Mrs. Lucy Jennings Dickinson of Keene, N.H., wife of LaFell Dickinson, box manufacturer, was elected to a three-year term yesterday to head the federation of 16,500 women's clubs which have a total membership of 2,500,000.

Other officers elected included Mrs. Volney W. Taylor, Brownsville, Tex., treasurer.

Anti-Jap Stand

The federation adopted a resolution "favoring the prevention of the return of any Japanese or Japanese-Americans to the coastal areas for the duration and for the transfer of all control of all Japanese in America from civilian authority to the United States Army."

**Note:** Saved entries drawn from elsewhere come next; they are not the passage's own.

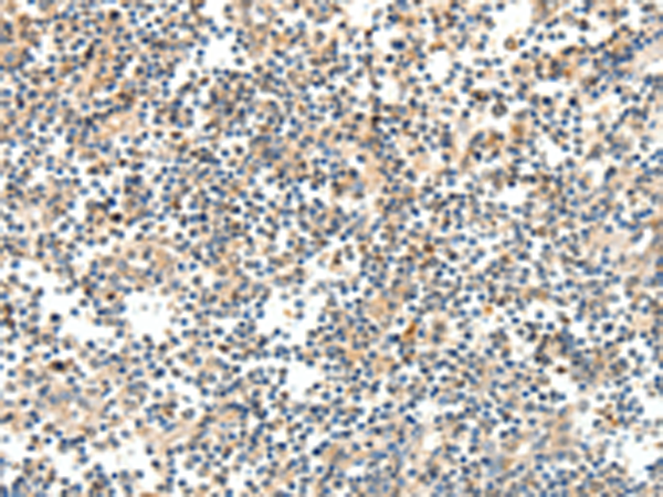 The image is immunohistochemistry of paraffin-embedded Human tonsil tissue using P11139(TRAF3 Antibody) at dilution 1/25. (Original magnification: ×200) |
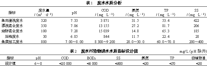 企業日排放魚糜加工廢水約800 m3 ,包括魚肉清洗廢水、漂洗混合廢水、旋轉混合廢水和壓榨廢水。廢水水質分析見表1 ,廢水污染物進水水質指標設計值見表2。
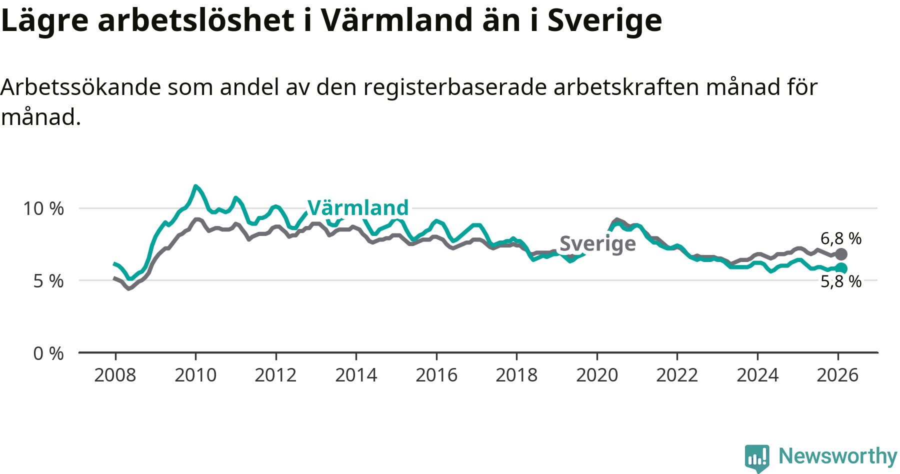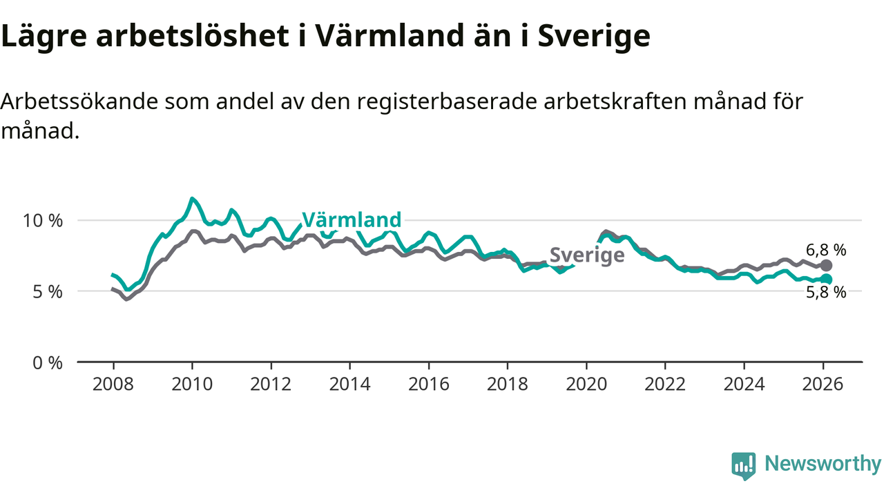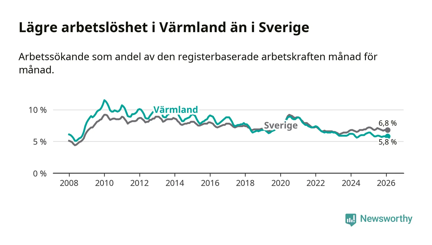 Under februari månad rapporterade Värmlands län en total arbetslöshet på 5,8 procent. Det är en minskning jämfört med samma tidpunkt i fjol (−0,6 procentenheter). Även i Sverige sjunker arbetslösheten .
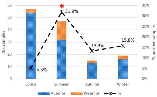 Campylobacter prevalence by season in urban birds (* p < 0.01). Bars indicate the total number of samples, with different colors depending on the absence (dark) or presence (light) of Campylobacter. The dashed line indicates the percentage of positive samples about the total number of samples.
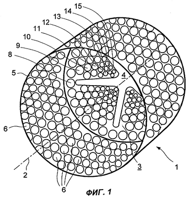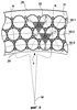 Этот пример ясно показывает, почему предлагаемая изобретением круговая, эллиптическая или овальная совокупность выступов имеет такие большие преимущества по сравнению с уровнем техники: образующиеся в точках пересечения Е, F, G большие треугольные участки 24 предоставляют место для размещения достаточно больших проточных отверстий 25 и даже для дополнительных углублений 27 для проточных отверстий 25 без перерезания контуров элементов 6 сводчатой структуры.
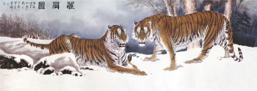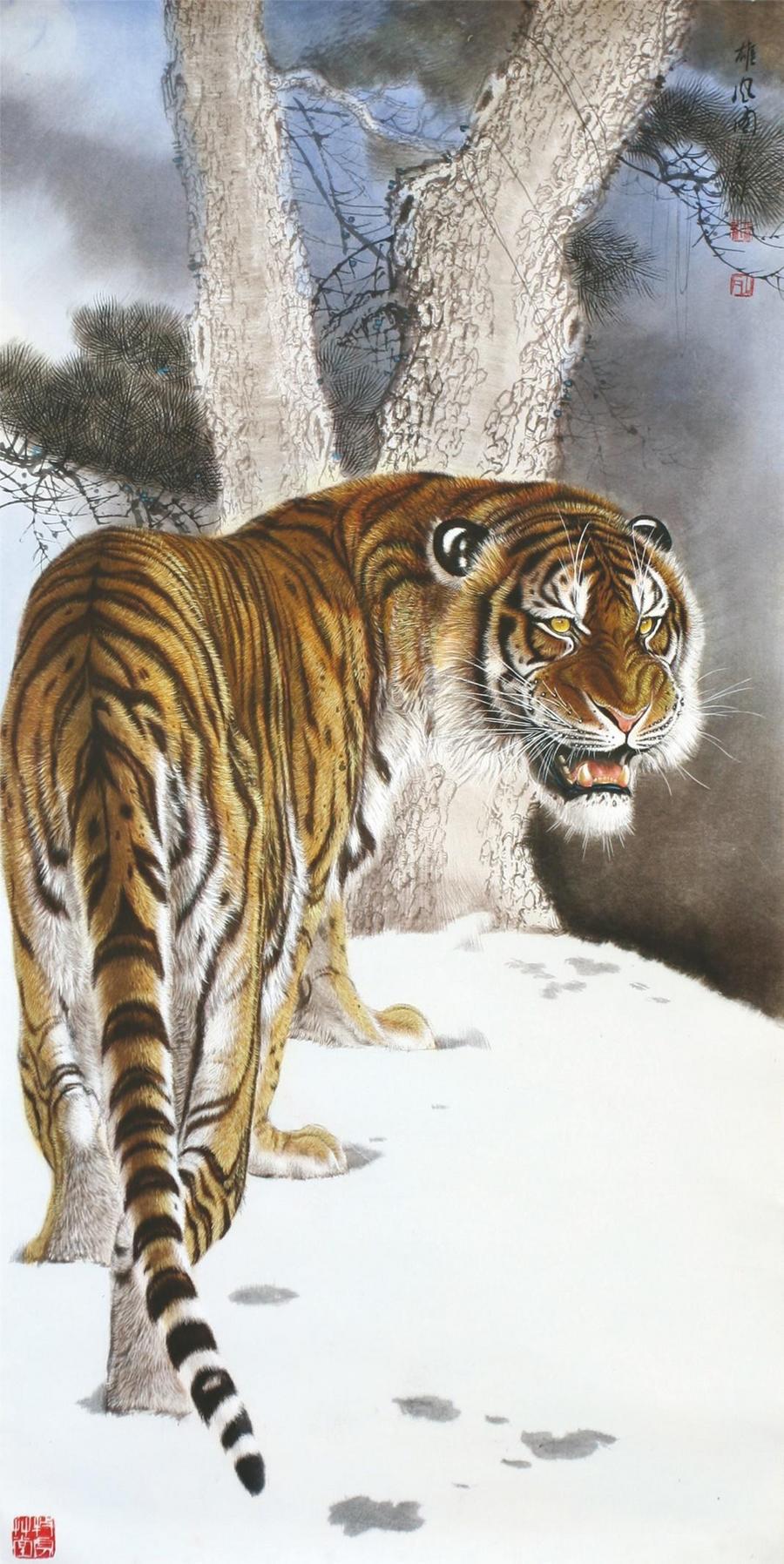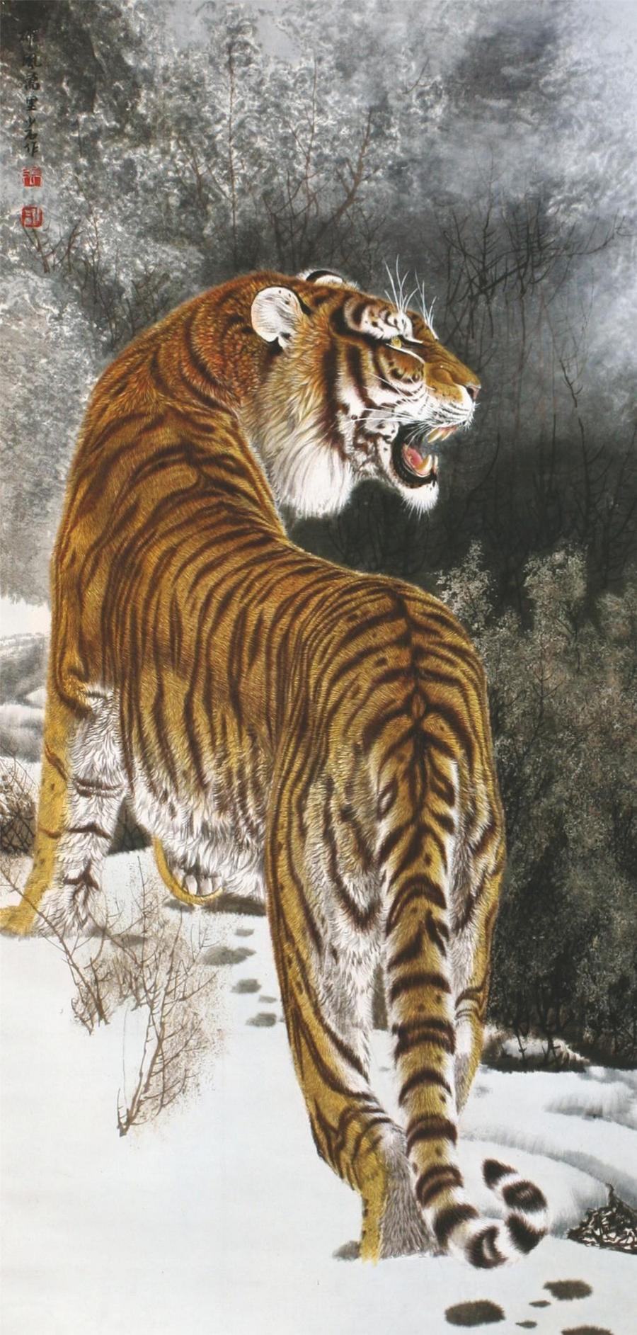 《雄风》 庄子曰:“澹然无极而众美从之”。张少石多借助大写意技法,用笔、用墨与用水并重,对画作背景做极其简约的处理,营造出玉宇澄清的高洁氛围,烘托出“静故了群动,空故纳万境”的幽玄禅境。白雪皑皑、苍茫萧索的深林雪野与老虎孤高傲岸的秉性构成了和谐完美的统一,深蕴远离尘嚣、宁静致远之美。

Proposed by the Los Angeles division of the California Federation, the resolution further stated that "the federation urge on Congress the expatriation of all convicted, disloyal Japanese-Americans" and asked an exhaustive study of the Japanese problem before the end of the war.

The proposal was adopted over opposition from delegates who urged the federation not to commit itself to a "dangerously prejudicial attitude inspired by war hatred."

Statehood for Alaska

Another resolution advocated permanent commissioned ranks for Army nurses. Another called on Congress to speed legislation to make Alaska the 49th state. The resolution was introduced by Mrs. Mildred R. Hermann of Juneau.

Resolutions yesterday expressed the conviction that international machinery must be set up if a just and lasting peace is to be achieved, and urged the maintenance and strengthening of ties of friendship between the United States and the other American republics.

Reaffirmed was a resolution supporting the principle of regulation of marriage and divorce through uniform state laws, and another urging continuation of a policy of restricted immigration "as will safeguard the interests of the citizens of the United States."